--- Records for this task ---
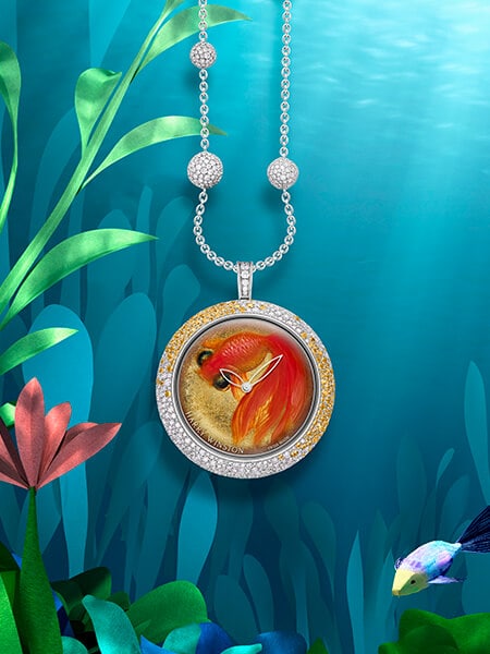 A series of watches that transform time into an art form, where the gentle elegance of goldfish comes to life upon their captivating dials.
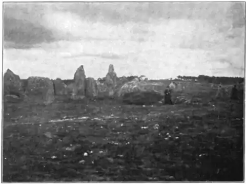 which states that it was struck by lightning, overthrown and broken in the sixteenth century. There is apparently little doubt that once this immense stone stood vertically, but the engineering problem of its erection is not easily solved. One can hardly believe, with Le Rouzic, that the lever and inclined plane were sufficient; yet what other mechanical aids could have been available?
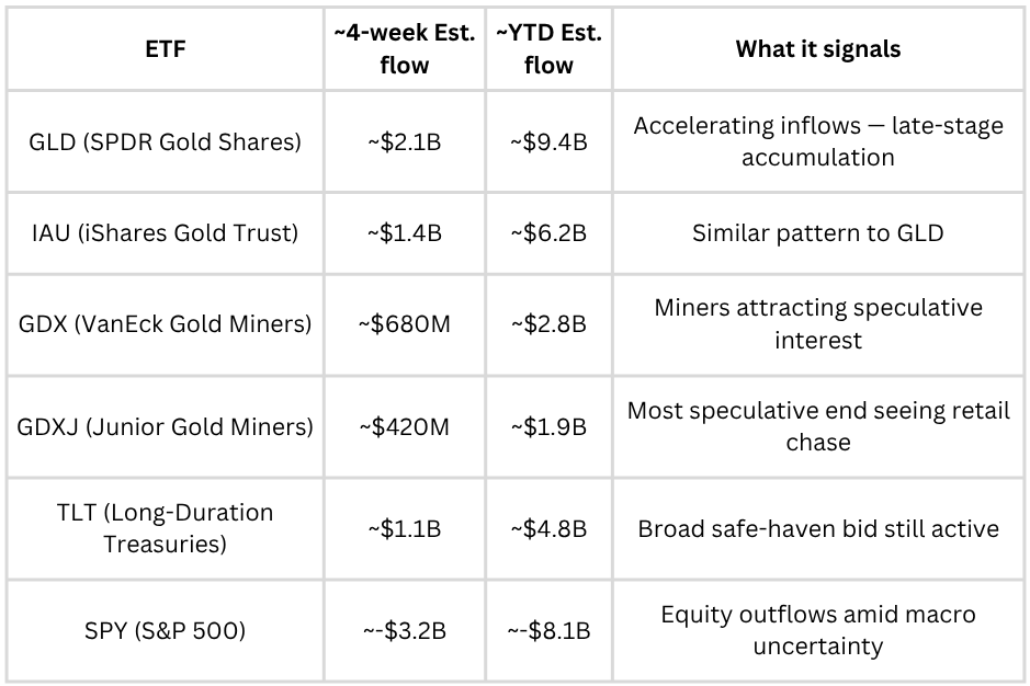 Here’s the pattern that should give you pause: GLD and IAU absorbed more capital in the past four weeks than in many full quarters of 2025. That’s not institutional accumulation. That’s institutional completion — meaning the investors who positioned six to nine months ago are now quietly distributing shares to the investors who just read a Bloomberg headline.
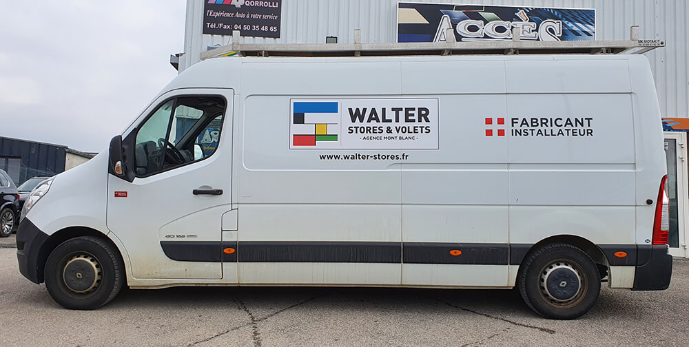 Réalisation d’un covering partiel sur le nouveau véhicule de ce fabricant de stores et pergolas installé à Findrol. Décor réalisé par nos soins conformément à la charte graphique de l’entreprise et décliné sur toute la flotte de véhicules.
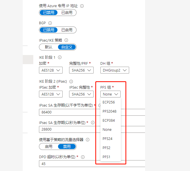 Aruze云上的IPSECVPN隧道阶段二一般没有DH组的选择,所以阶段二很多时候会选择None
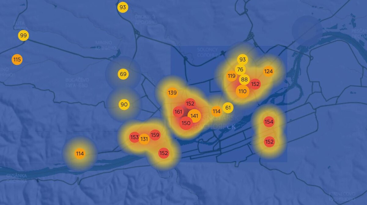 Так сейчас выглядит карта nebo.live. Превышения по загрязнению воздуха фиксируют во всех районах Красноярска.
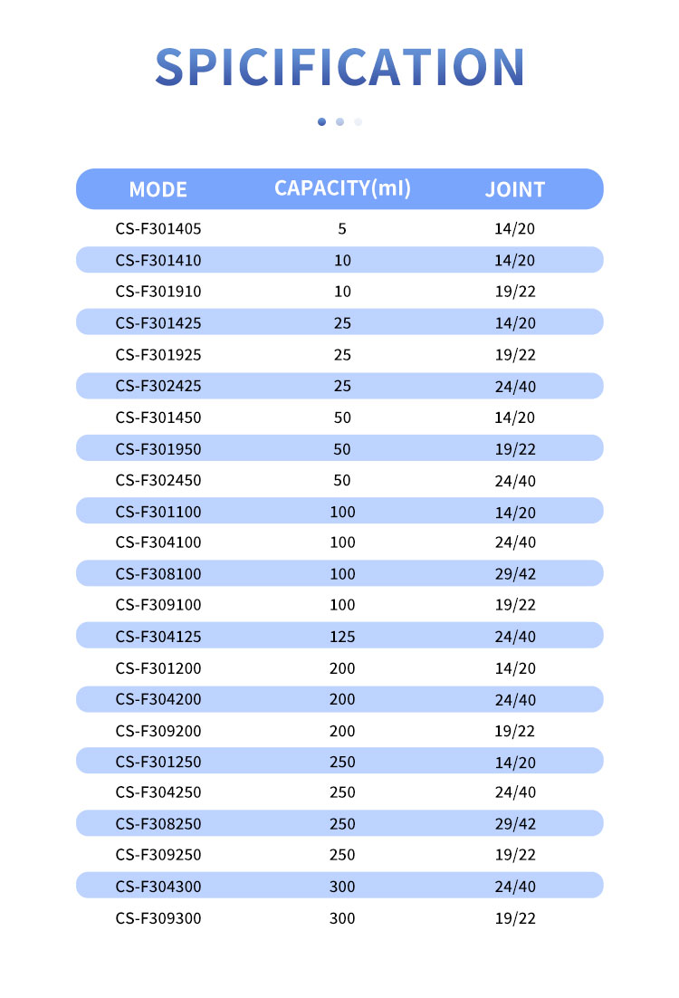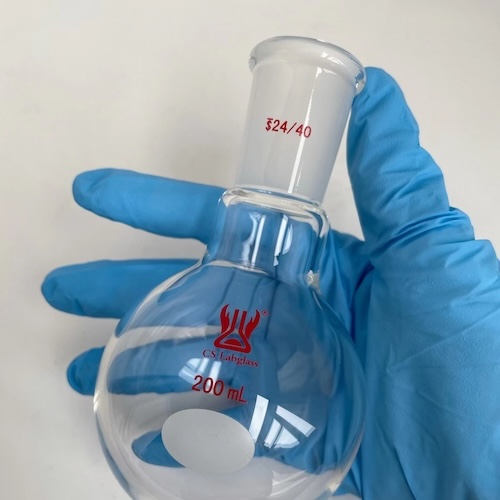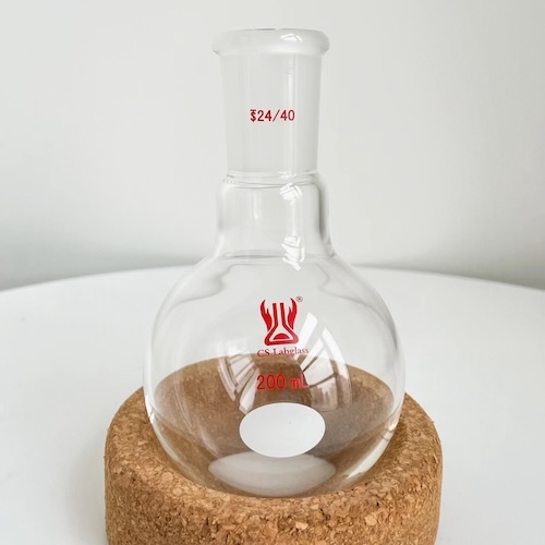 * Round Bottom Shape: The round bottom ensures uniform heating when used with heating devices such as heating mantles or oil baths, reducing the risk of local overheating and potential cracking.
...
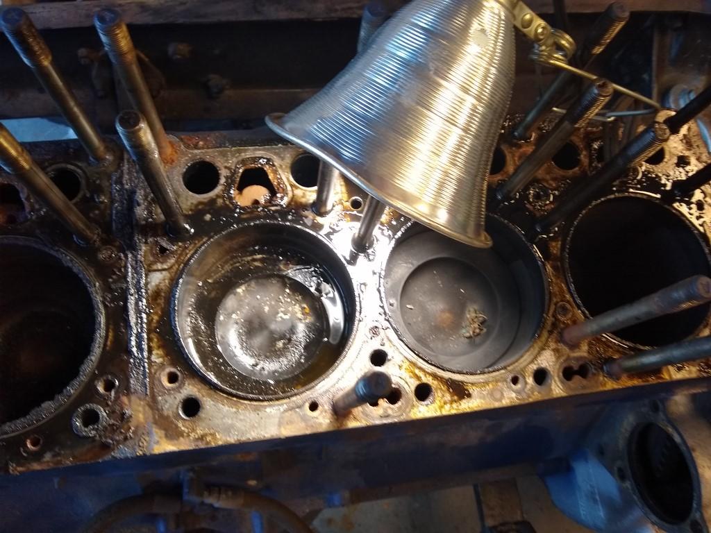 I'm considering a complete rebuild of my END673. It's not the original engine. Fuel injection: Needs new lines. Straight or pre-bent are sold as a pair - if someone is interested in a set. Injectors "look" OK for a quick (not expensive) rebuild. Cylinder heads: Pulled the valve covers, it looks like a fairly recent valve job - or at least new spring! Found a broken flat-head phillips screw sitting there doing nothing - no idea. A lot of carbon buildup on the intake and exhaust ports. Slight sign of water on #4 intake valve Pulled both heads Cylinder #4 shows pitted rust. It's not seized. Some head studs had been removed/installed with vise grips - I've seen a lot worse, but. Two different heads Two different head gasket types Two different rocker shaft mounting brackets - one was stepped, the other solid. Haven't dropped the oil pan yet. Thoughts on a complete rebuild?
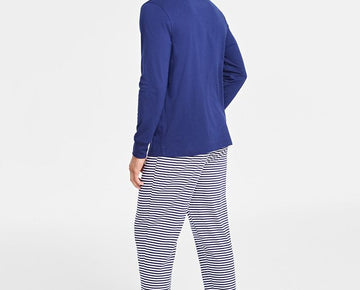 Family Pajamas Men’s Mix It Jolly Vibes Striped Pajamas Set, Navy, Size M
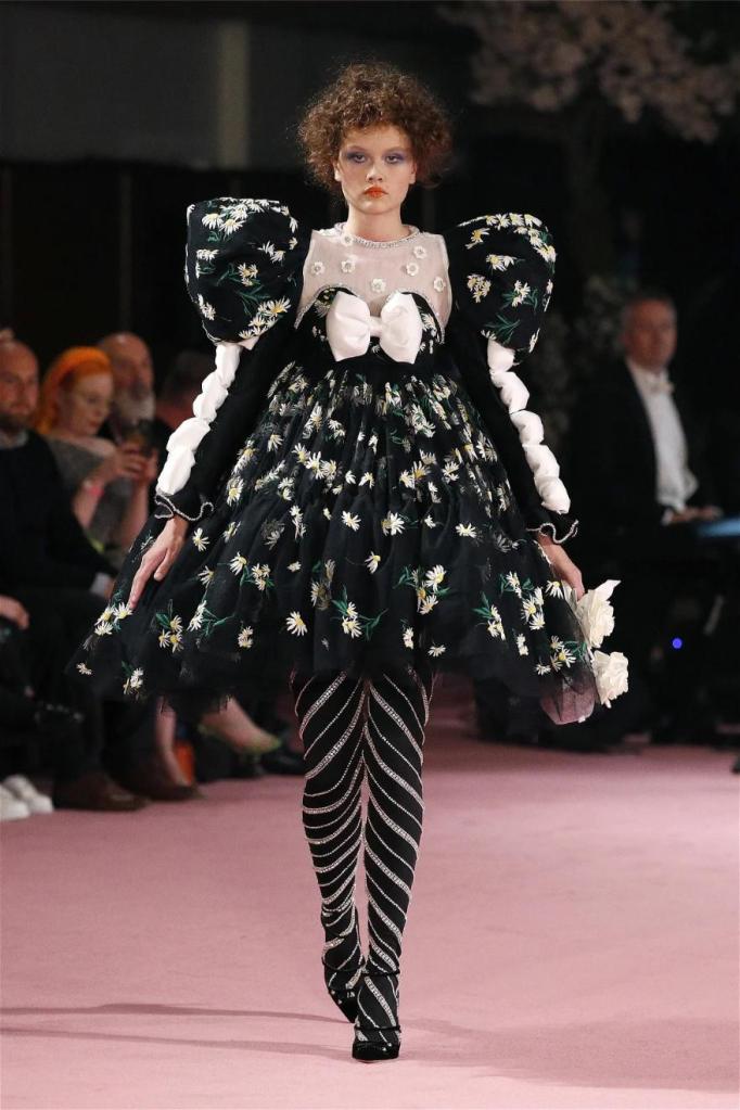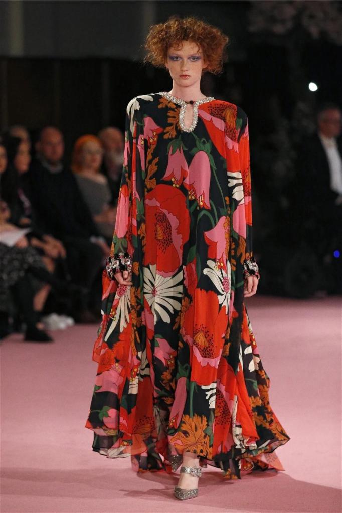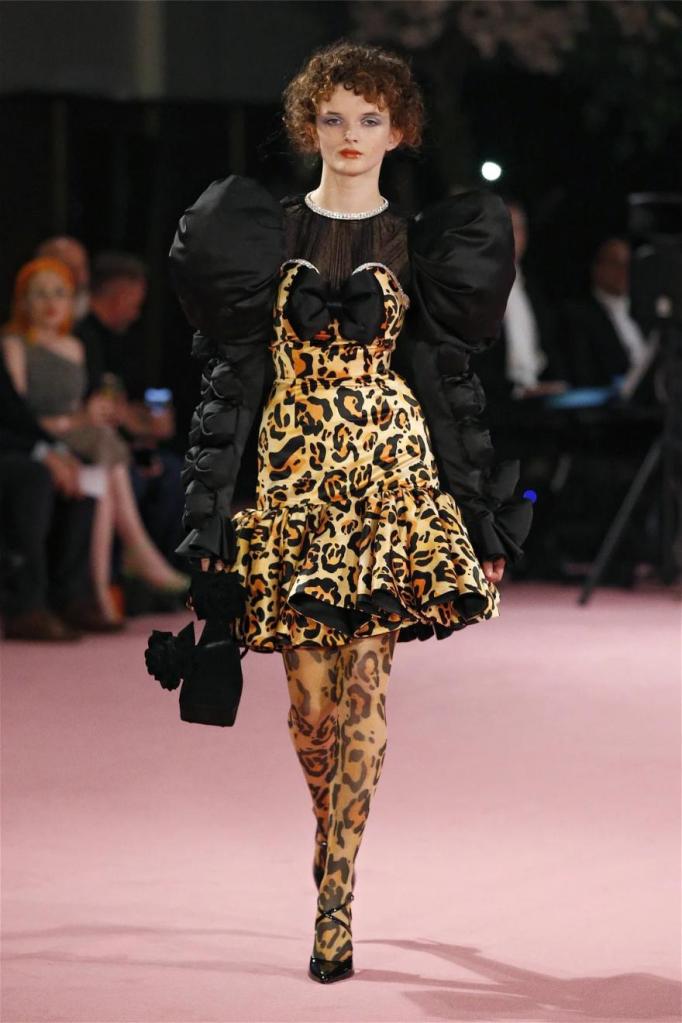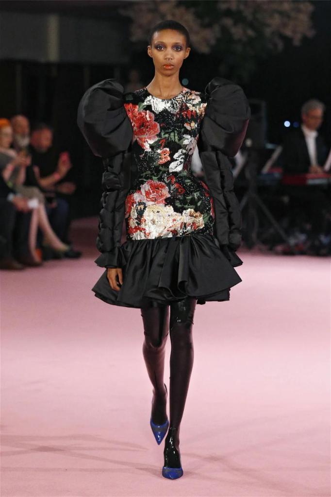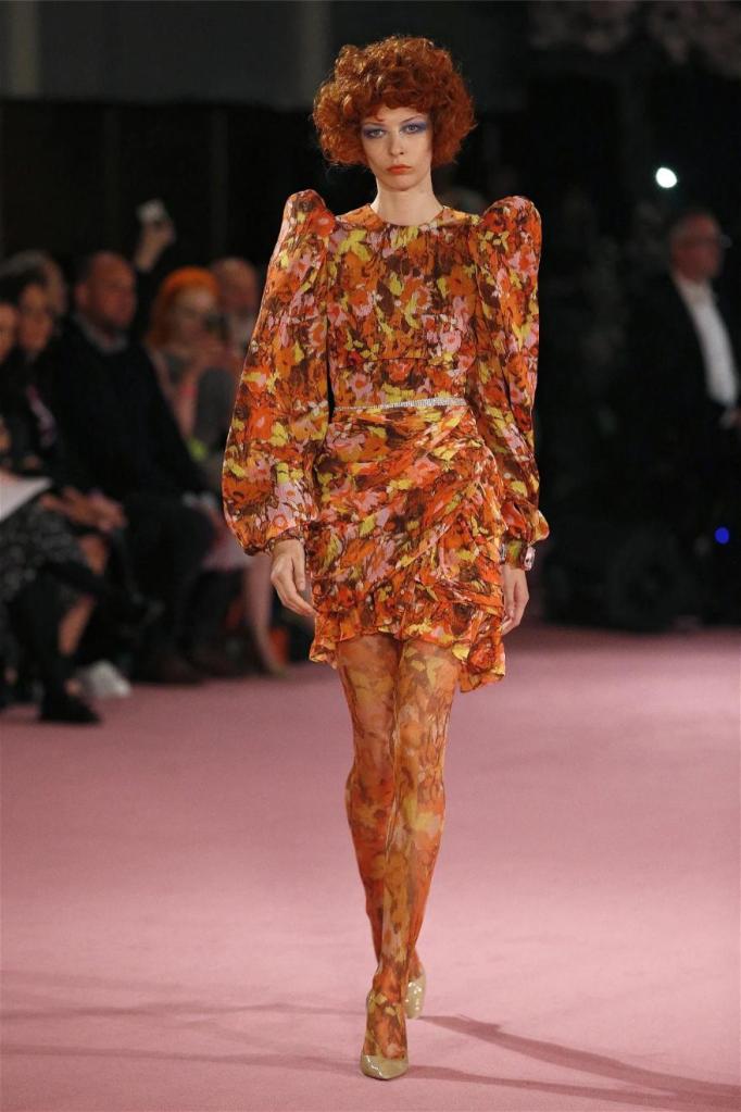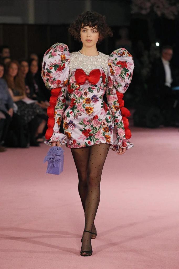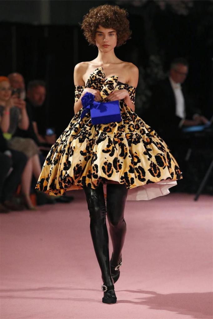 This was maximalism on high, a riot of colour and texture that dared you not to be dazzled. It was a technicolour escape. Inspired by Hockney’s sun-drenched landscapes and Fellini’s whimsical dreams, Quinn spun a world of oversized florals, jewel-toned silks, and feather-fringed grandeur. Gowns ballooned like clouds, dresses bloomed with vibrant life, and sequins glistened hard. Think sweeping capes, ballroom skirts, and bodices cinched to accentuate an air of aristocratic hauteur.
* * *
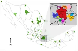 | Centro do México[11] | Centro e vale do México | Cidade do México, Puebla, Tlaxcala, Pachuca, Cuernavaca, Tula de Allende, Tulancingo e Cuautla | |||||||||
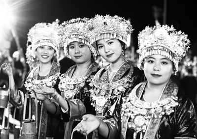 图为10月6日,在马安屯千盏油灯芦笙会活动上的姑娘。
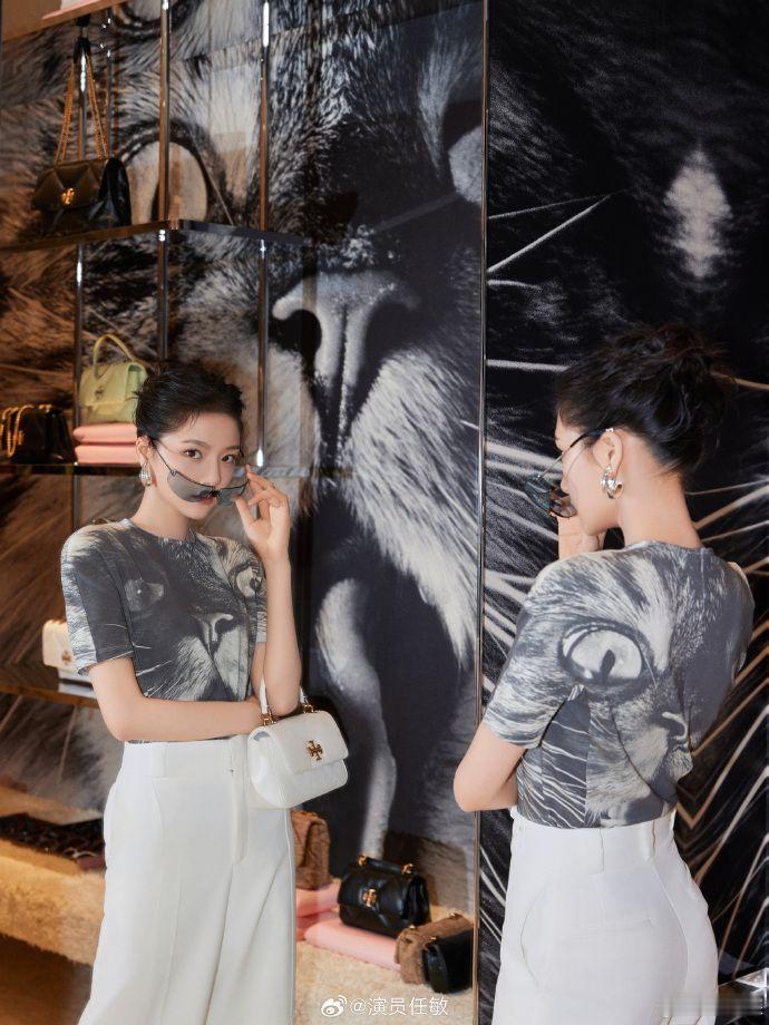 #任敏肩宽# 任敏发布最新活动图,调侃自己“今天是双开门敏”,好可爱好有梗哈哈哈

--- Activity ---
Above are the records. Copy only the lines from the one with "A series of" through the one with "Here’s the pattern", exactly, with no pictures.

--- Your solution ---
 A series of watches that transform time into an art form, where the gentle elegance of goldfish comes to life upon their captivating dials.
 which states that it was struck by lightning, overthrown and broken in the sixteenth century. There is apparently little doubt that once this immense stone stood vertically, but the engineering problem of its erection is not easily solved. One can hardly believe, with Le Rouzic, that the lever and inclined plane were sufficient; yet what other mechanical aids could have been available?
 Here’s the pattern that should give you pause: GLD and IAU absorbed more capital in the past four weeks than in many full quarters of 2025. That’s not institutional accumulation. That’s institutional completion — meaning the investors who positioned six to nine months ago are now quietly distributing shares to the investors who just read a Bloomberg headline.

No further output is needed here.